What the future of energy looks like post COP26

The fanfare around COP26 has come and gone, but the energy conversation remains at the top of everyone’s agenda. Following the vague promises of the final agreement, a result of India and China’s last-minute politicking, the question of what the future of energy looks like is still largely undefined.

This period of reflection allows both governments and industry to consider the practicalities of, and how best to align themselves with, the COP26 commitments. However, in order to implement effective change and work towards sustainable, low-carbon, and integrated value chains, we cannot afford to sideline post-Covid market dynamics.

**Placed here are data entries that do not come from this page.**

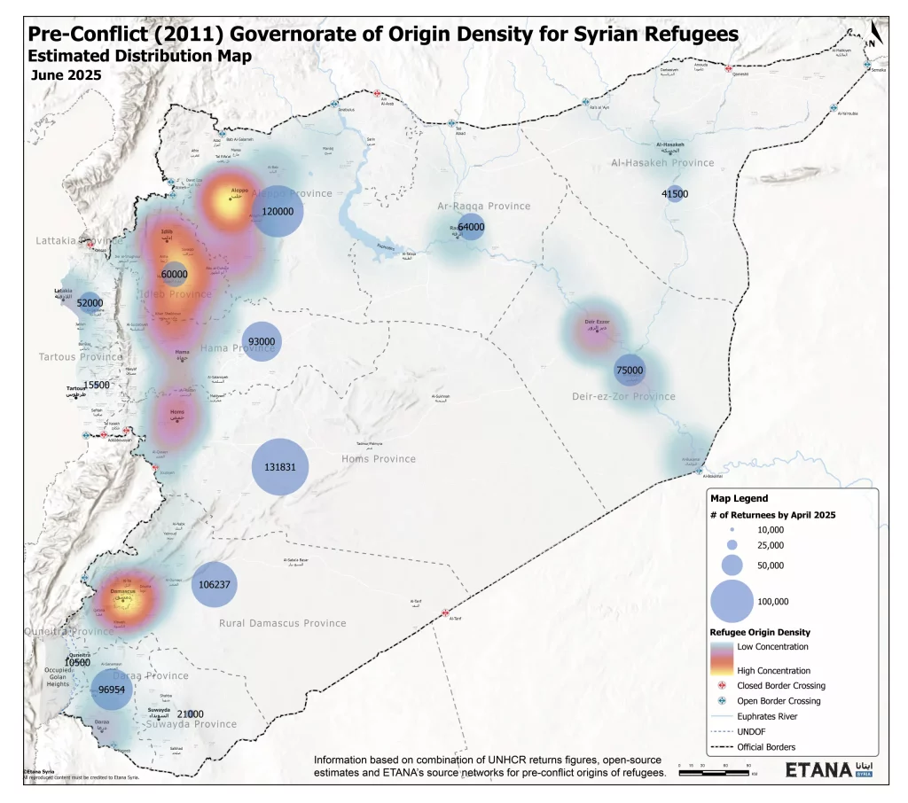 Returns are largely self-organized and voluntary, driven by a mix of push factors abroad (economic hardship, xenophobia) and the pull of Assad’s departure. However, the regime’s fall alone is not enough: many refugees still see Syria as unsafe and are unconvinced by the current political process. The study also documents new waves of displacement following sectarian violence in coastal areas in March 2025, particularly among Alawi communities.
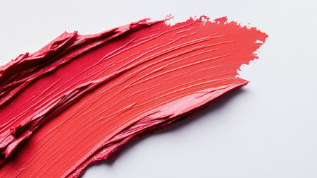 Red cosmetic product, possibly lipstick or cream, is smeared on a white textured background, creating a vibrant and textured swatch showcasing its color and consistency
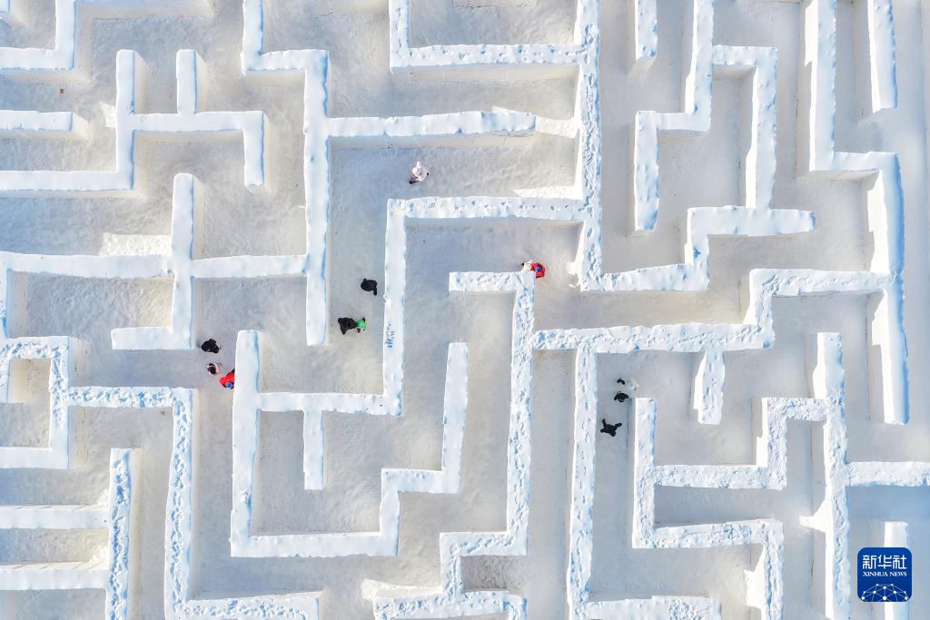 1月2日,在黑龙江省同江市俄罗斯风情园,游人在冰雪迷宫里游玩(无人机照片)。新华社发(刘万平摄)
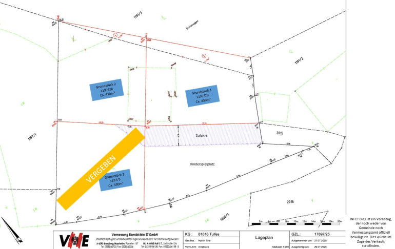 Zum Verkauf steht eine wunderschöne Grundstückfläche in traumhafter Lage mit jeweils 430m² Fläche. Der Baugrund ist in der Volderwaldstraße 9, 6075 Tulfes. Neben sehr guter Verkehrsanbindung und familienfreundlicher Gegend befindet sich der Kinderspielplatz sowie auch der Wald direkt vor der eigenen Haustüre. Sämtliche Ver- und Entsorgungseinrichtungen sind bereits vorhanden. Zudem sind die Flächen an die öffentliche Wasser-, Kanal-, Strom- und Telefonversorgung angeschlossen. Der Altbestand wird von der Verkäuferseite abgerissen.

At the height of the pandemic oil futures dipped below $0 a barrel. However, I believe we were premature in focusing on a ‘post-oil’ future. A faster than expected recovery, with prices continuing to rise, has seen oil back at the centre of the conversation on recovering economies, growth and inflation. The need for fuel is a present and pressing challenge we must address.

18 months ago, the world came to a standstill: borders shut, flights grounded, supply chains stripped, and our professional, social and personal lives scaled back into the four walls of our homes. All these measures, intended to stem the spread of the virus, resulted in a 7 percent fall in global CO2 emissions in the past year. But this fall will only have a significant impact if countries prioritise realistic and achievable ambitions to ensure we see falling rates year on year. Countries and corporations must understand that oil is here to stay and will play a significant role in the energy debate for several years to come.

As the energy transition grows at pace, we cannot pretend that oil demand will simply disappear, or that the transition will happen overnight. The energy industry is far from a level playing field and while developed nations can, and must, focus efforts on technologies that provide renewable energy at the core of the transition. The international community must recognize that other countries, namely in emerging markets, are forced to balance sustainable growth and development alongside poverty eradication. Without prioritizing socioeconomic issues, a sustainable energy agenda will quickly fall very short of its lofty ambitions.

The ADIPEC oil & gas conference in Abu Dhabi, United Arab Emirates, the country chosen to host COP28 in 2023, is the first opportunity to hear from both industry and governments on how they will meet COP26 targets.

The UAE’s Minister of State, Dr Sultan Al Jaber, who is also CEO of the Abu Dhabi National Oil Company (ADNOC) spoke of the need to understand that while the transition will happen, it will take time. He shared the sentiments of several other energy ministers, including Saudi Arabia and India, who said that while they are committed to Net Carbon Zero within the next 40 years, their ambition has always been to reduce emissions, rather than eliminating the use of fossil fuels.

The Saudi energy minister, Prince Abdulaziz bin Salman is entirely right when he said that we must look at emissions, not resources, if we are to be fully inclusive in our approach, considering that fossil fuels are often many developing nations’ main natural resource and source of state revenue.

We have set targets and ambitions on decarbonisation. No-one can argue global leaders are not aligned on phasing out coal use, but what government’s lack is a clear strategy as to how these targets will be met. The transition debate today is not the same as it was in previous years. The pandemic has created a very different economic environment, with almost every government now working with greatly reduced budgets against the backdrop of economies and industries that were brought to their knees.

Millions have suffered loss of income and been pushed into poverty and government priorities have changed. We cannot expect policies developed and implemented at COP21 in Paris six years ago to be suitable for today’s challenges. While both private industry and public sector’s need to accept a more aggressive approach to cleaner energy sources, we must also shift gears back to the drawing board to focus on delivering an energy mix that includes oil. Only then can we meet future global energy requirements.

I believe a realistic and sustainable energy transition agenda needs to support, not penalise countries that need assistance. Many developing countries suffer the most from the effects of climate change, like heatwaves, increasingly longer droughts, tropical storms, wildfires and ever more frequent flooding. However decarbonising key industries is often not their primary focus in the grand scheme of a viable economy, adequate healthcare and more robust education system.

For these countries, cheaper energy coming from fossil fuels in the short to medium term is the route towards sustained growth. Socioeconomic stability will lead to developments in technology and increased buying power to invest in greener energy in the long term. It is these realities that we should acknowledged if we are to make meaningful progress, otherwise we’ll find ourselves having the same conversation at COP27 next year and countless more to follow.